The point may have high leverage because its x-value is far from the rest of the data. Even if it is close to the line, it can strongly affect the slope and position of the regression line. - 10
A data point has a large residual but an x-value near the center of the data. Is it more accurate to call it an outlier, a high-leverage point, or both? Explain.
It is more accurate to call it an outlier because it has a large residual. It is not a high-leverage point if its x-value is near the center of the data. - 11
A point has a very unusual x-value and removing it changes the regression slope from 1.2 to 2.8. What type of point is this, and why?
Influential points noticeably change the regression model when removed.
This point is influential because removing it causes a large change in the regression slope. It likely also has high leverage because its x-value is very unusual. - 12
A regression model predicts monthly electricity cost from average outdoor temperature. The residuals for 12 months are measured in dollars: -5, 7, -3, 4, 0, -6, 8, -2, 5, -4, 3, -7. Are the residuals centered around 0? Explain using the sum or mean of the residuals.
Add all the residuals, then divide by the number of residuals if needed.

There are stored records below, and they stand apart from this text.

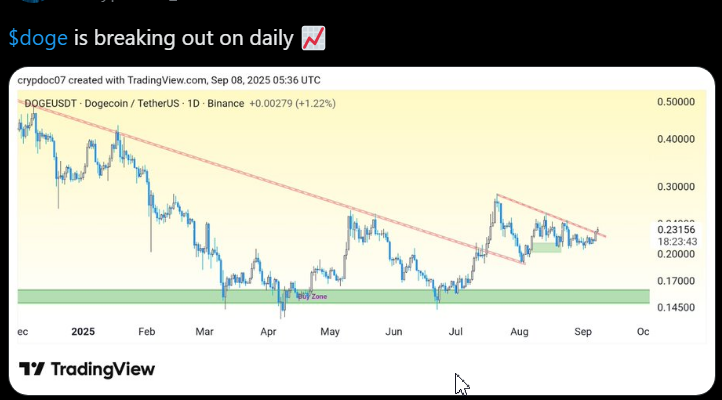 - Dogecoin has broken above its descending trendline, ending a prolonged consolidation phase.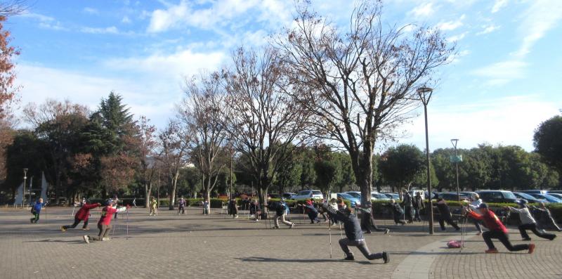 大山をバックにして 12月ですが、暖かな日が交互に来ます。水無川沿いを歩くのは犬の散歩の方が多いですね 秦野PWの皆さんの貸切りコースのようです。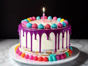 Stijlvolle dripcake met opvallend paars glazuur dat sierlijk langs de witte basis druppelt. De taart is rijkelijk versierd met kleurrijke toefjes in turquoise, roze en geel, perfect gerangschikt in een feestelijk patroon. Een brandende verjaardagskaars vormt het stralende middelpunt van deze moderne designertaart.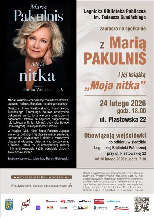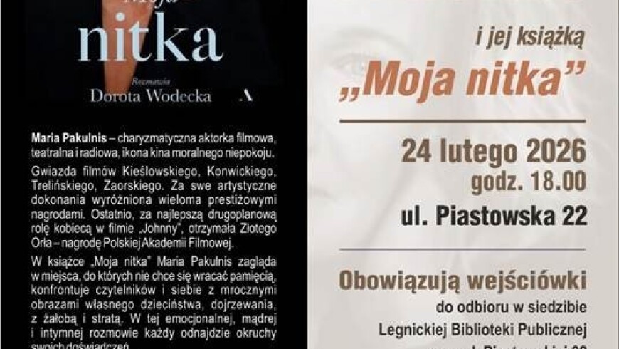 Legnicka Biblioteka Publiczna im. Tadeusza Gumińskiego zaprasza na spotkanie z Marią Pakulnis – wybitną aktorką filmową, teatralną i radiową – połączone z promocją książki „Moja nitka”, będącej zapisem rozmowy z Dorotą Wodecką.

The residuals are centered around 0 because their sum is 0 and their mean is 0. This is typical when a least-squares regression line with an intercept is used. - 13
A regression model has residual standard deviation s = 3.2 minutes when predicting race time. Interpret this value in context.
The model's predictions are typically off by about 3.2 minutes. This value describes the typical size of the residuals when predicting race time. - 14
A student says, "The correlation is strong, so we do not need to check the residual plot." Explain why this statement is incorrect.
Correlation measures the strength of a linear relationship, but diagnostics check whether the model assumptions are reasonable.
The statement is incorrect because a strong correlation does not guarantee that a linear model is appropriate. A residual plot can reveal curvature, changing spread, or unusual points that the correlation alone may not show. - 15
A regression model was created using data from houses between 800 and 3,000 square feet. A real estate agent uses the model to predict the price of a 5,200-square-foot house. Identify the diagnostic or modeling concern and explain the risk.
The concern is extrapolation because 5,200 square feet is outside the range of the data used to create the model. The prediction may be unreliable because the linear pattern may not continue for houses that large.